Hi @BenLeong
Thanks for chiming in, I appreciate the idea of educating authors in SEO very much and I understand it needs to be somewhat on topic. I am sure the Envato staff here is doing their very best to help out authors and that’s great. Still I agree with @MartijndeBont and we all know that the Elements banner itself, is what really is permanently off topic at our market item pages and it’s clearly the elephant in the room in every topic where the intention is to make authors drive more traffic to their item pages.
From the perspective of the Envato CEO and top managers, I get it, recurring revenue is a great upsell. But let’s not forget that for the common up and coming business minded author on the market, the banner is a huge downsell, and for most of us, a huge downsell to a competing market. Therefore the incentive to drive traffic to the market diminishes with such an aggressive advertising. I can only speak for myself, and as a non exclusive author it has sadly been a no brainer to remove all my external links to my AJ item page and redirect them to other sites.

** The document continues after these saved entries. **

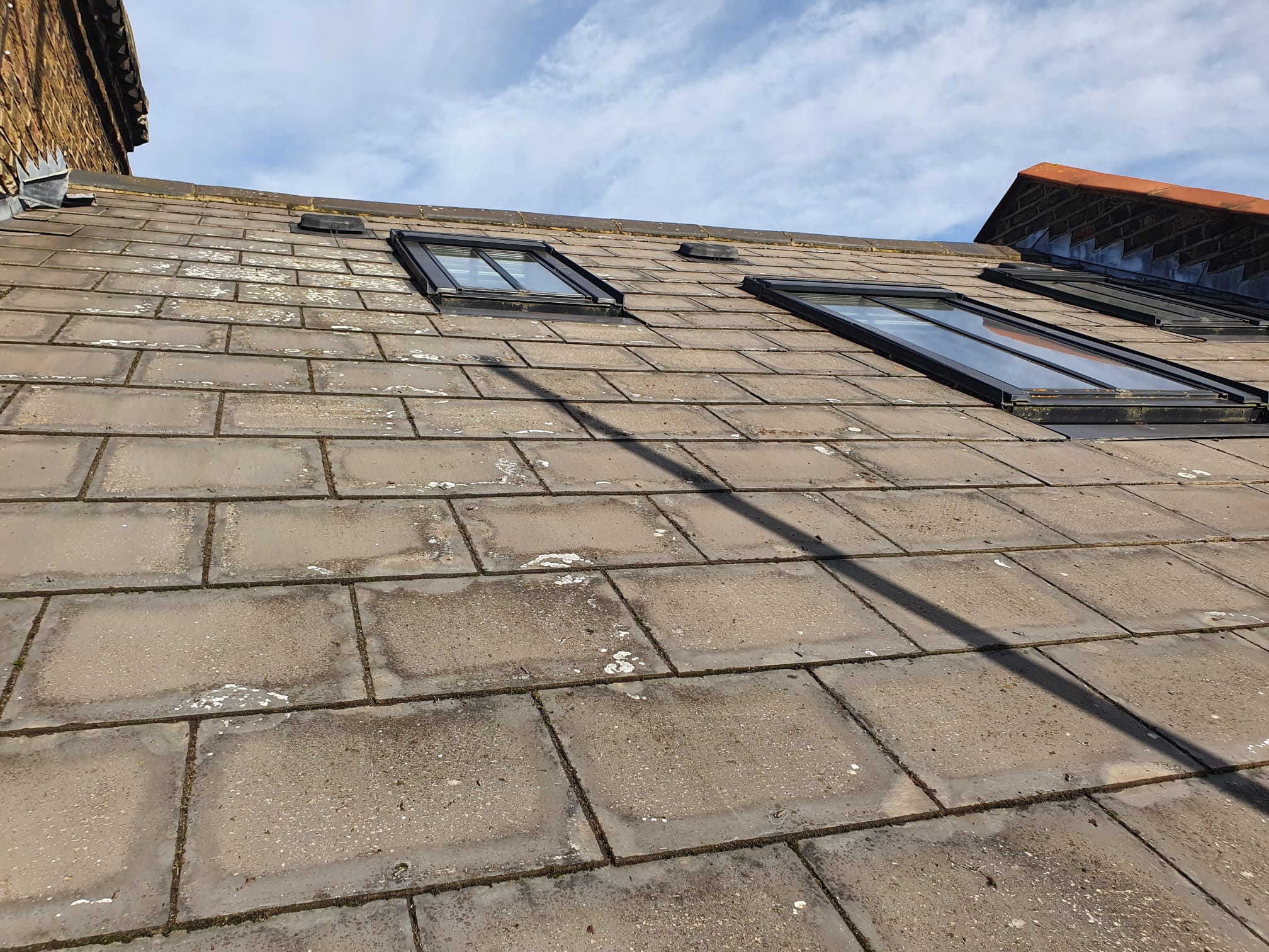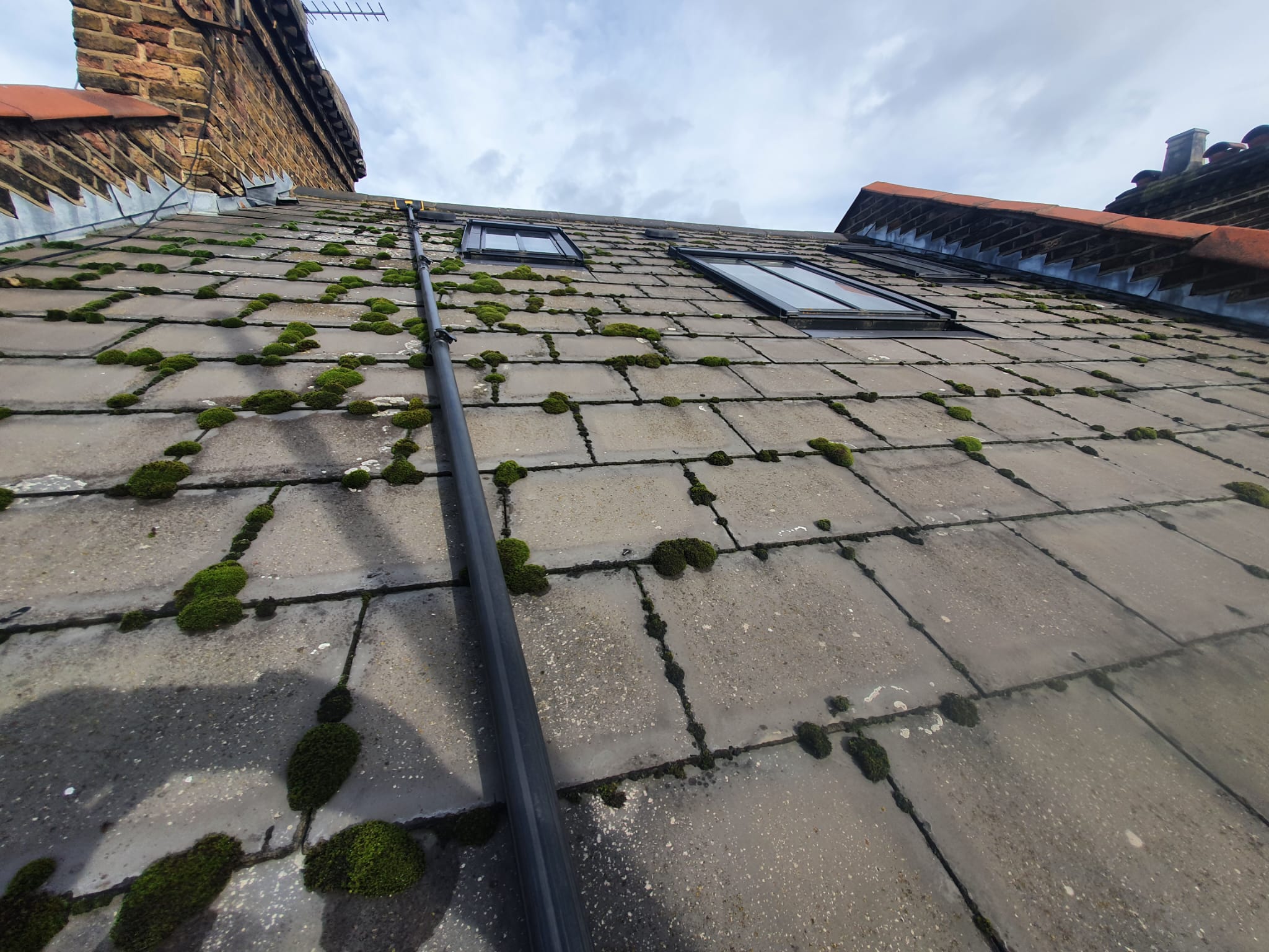 We use a combination of scraping to remove moss, algae, and debris, followed by the application of a biocide treatment. This treatment kills any remaining growth and protects your roof for up to 5 years, preventing further buildup. Our approach effectively restores your roof’s appearance and helps extend its lifespan, keeping it in excellent condition for years to come. The work can be safely done from the ground or using a scaffold tower, depending on the roof’s height and condition.
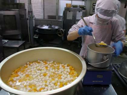 4月10日の給食は、カツカレーライス、フルーツ白玉、ミニフィッシュ、牛乳です。1年生の入学と、2〜6年生の進級をお祝いした献立です。
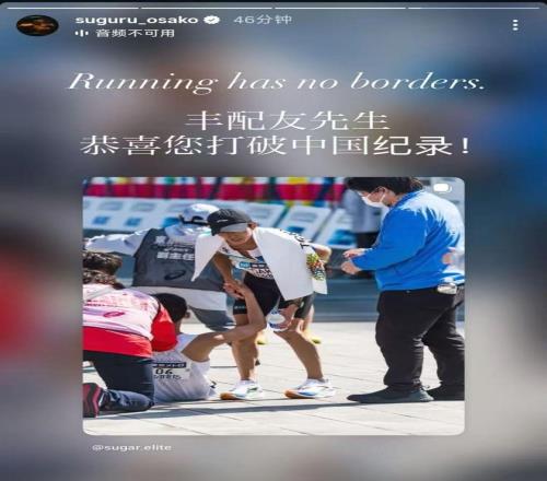 赛后,何杰也在社交媒体上恭喜了丰配友,“马踏东京,中国马拉松进入了205的时代,丰配友太硬了,硬刚两位日本最顶尖的选手,祝贺丰配友,又见证了一个新的时代,我们是对手同时也是战友。”
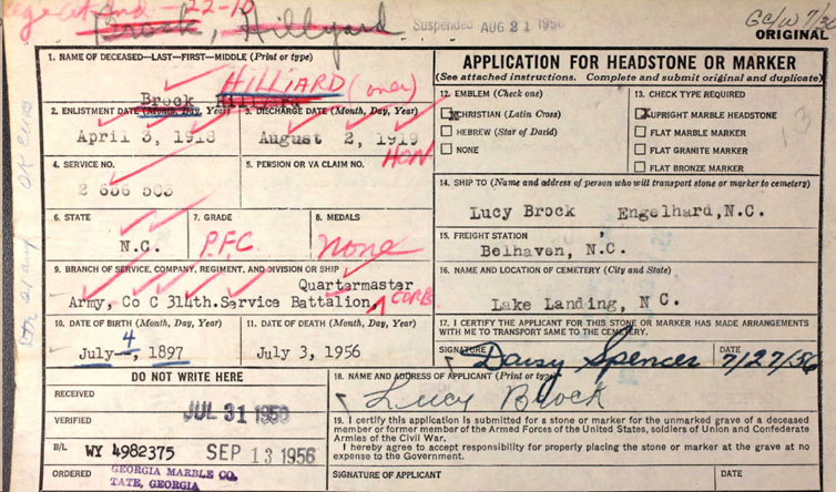 | Brock, Hilliard | July 4, 1897 | July 3, 1956 | North Carolina - Pfc. Co. C - 314 Service Bn. QMC - World War I | |
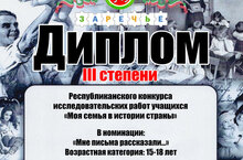 Ученица 11а класса, Сафронова Елизавета, приняла участие в Республиканском конкурсе исследовательских работ «Моя семья в истории страны».
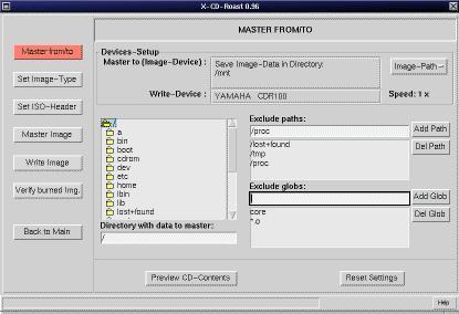 If you want to create a CD with your own files, you must first “master” the data. Collect all the files you wish to have on CD in a single directory tree mounted on your system. X-CD-Roast then converts this directory tree into a ISO-9660 CD image. Remember, this image will occupy about the same amount of space on your hard drive as your data to burn does. So, to master 600MB of data, you must have about 1.2GB of space. Finally, you burn this image on to a CD-Recordable.
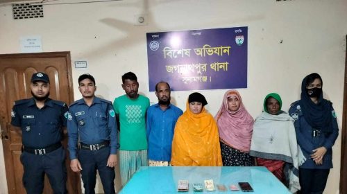 জগন্নাথপুরে পুলিশের বিশেষ অভিযানে মহিলাসহ প্রতারক চক্রের ৫ সদস্য গ্রেফতার
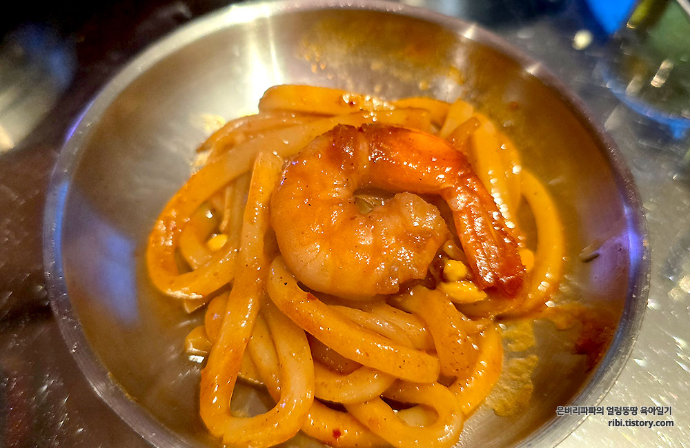 그리고 새우와 주꾸미, 우삼겹을 한 번에 집어 먹어 봅니다.

We don’t even have the possibility to have a clean direct banner free link to our item pages at this moment, which is simply unacceptable for any author who wants to have a minimum control over their marketing efforts. If not done already, please communicate this author feedback upwards in the system. I am sure it should be in the interest of everybody that authors wants to drive traffic to their item pages.
As for the duplicate keyword issue, sorry if I am being overly pessimistic here but I don’t see how a policy change can fix this issue at all. In fact I am worried it might ironically increase the problem, spreading the word about this. There are simply to many examples of policies that are not being respected at the market and not enough resources to address all of this as far as my impression goes. Maybe it could help the situation to some degree if a strict reaction to authors who do this is executed, like 90 days blocked upload rights or something. But then again, still lots of resources would have to be used at this.
It is my impression that the search engine is sort of a house of cards and I do understand that developers needs to progress carefully, a task I don’t envy them. Still I think the only solution at the end of the day is to make it happen so the search engine does not reward this behaviour. Treating the cause instead of the symptoms would probably save us all a lot of time here.